There is sufficient evidence to suggest that the PFC is organized hierarchically [3] with more caudal areas learning first-order associations and more rostral areas putting them in context to facilitate learning of abstract rules. This can be done by top-down modulation in the PFC, which underlies the ability to focus attention on task-relevant stimuli and ignore irrelevant distractors, in two ways: either as a result of weight changes in modulated pathways and predictions, or through activation-based biasing provided by a working memory system. These mechanisms have been explored in two prominent models of the PFC. One well established model for cognitive control function through the working memory system is the Prefrontal cortex and Basal ganglia Working Memory model (PBWM) [10] in which a flexible working memory system with an adaptive gating mechanism is implemented.

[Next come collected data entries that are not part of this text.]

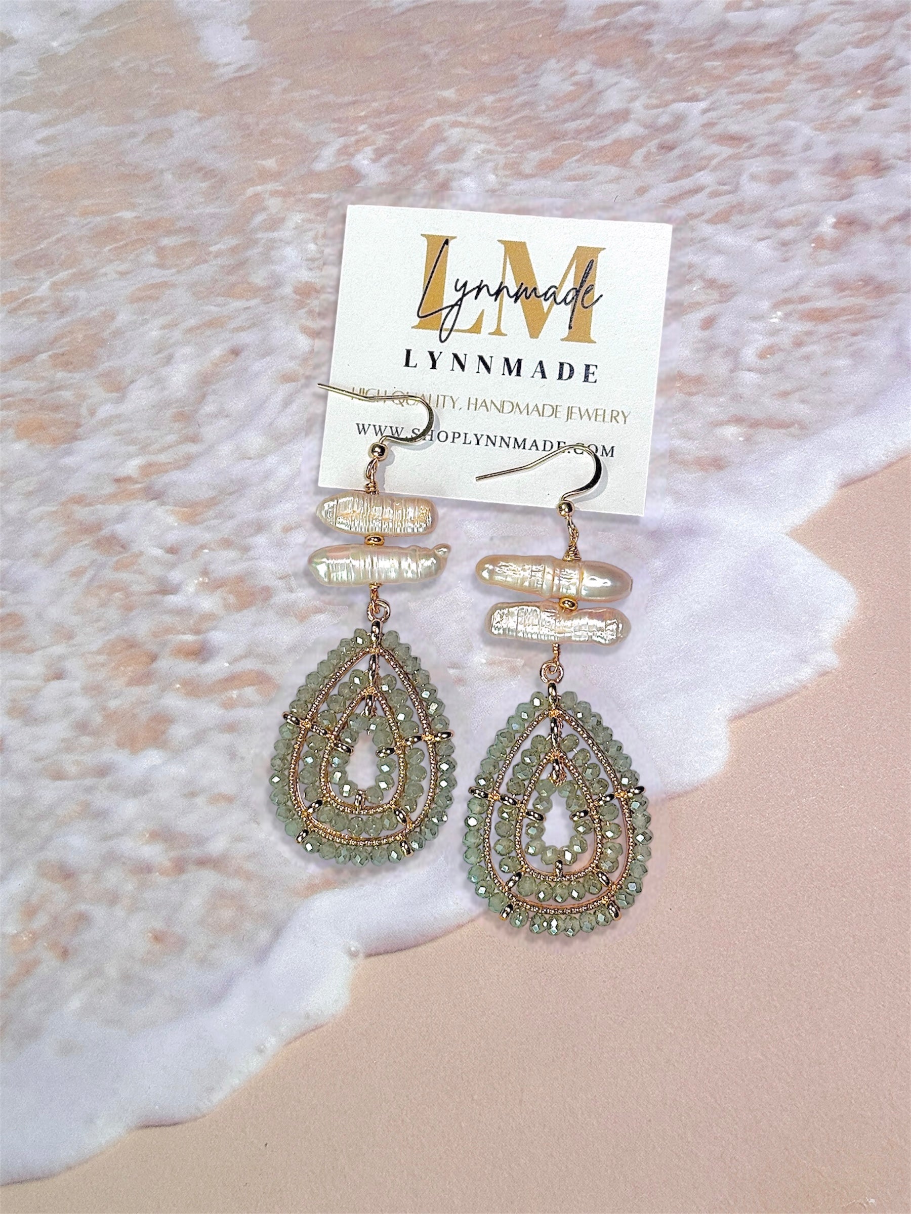 Handmade statement drops featuring lustrous stick pearls atop an intricate teardrop design of shimmering beads and 18k gold accents, inspired by the elegance of the sea.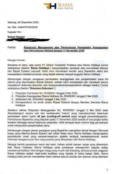 Saya meminta untuk berbicara langsung dengan pihak manajemen, tetapi tidak pernah mendapatkan tanggapan. Hingga akhirnya, pihak manajemen yang diwakili oleh W**** P****** sebagai direktur mengirimkan surat melalui email pada tanggal 31 Desember 2025, yang menyatakan bahwa mereka tidak dapat melakukan refund.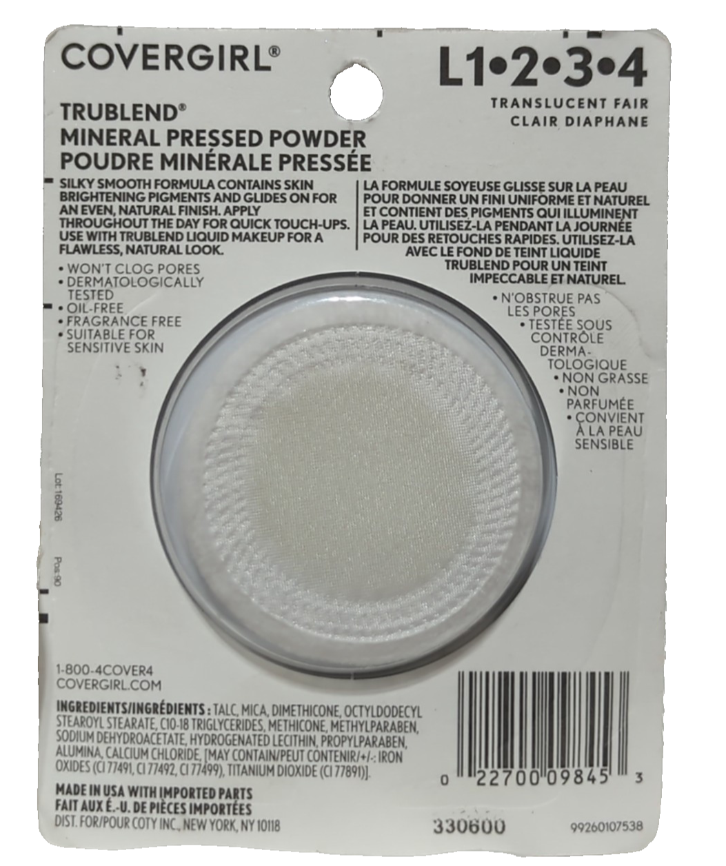 - Covergirl TruBlend Mineral Pressed Powder Translucent Fair L 1•2•3•4

At the biological level, the model proposes that the PFC facilitates active maintenance for sustaining task-relevant information, while the Basal Ganglia (BG) provides the selective gating mechanism. A hierarchical extension of this model [7] proposes that hierarchical control can arise from multiple such nested frontostriatal loops (loops between the PFC and the BG). The system adaptively learns to represent and maintain higher order information in rostral regions which conditionalize attentional selection in more caudal regions.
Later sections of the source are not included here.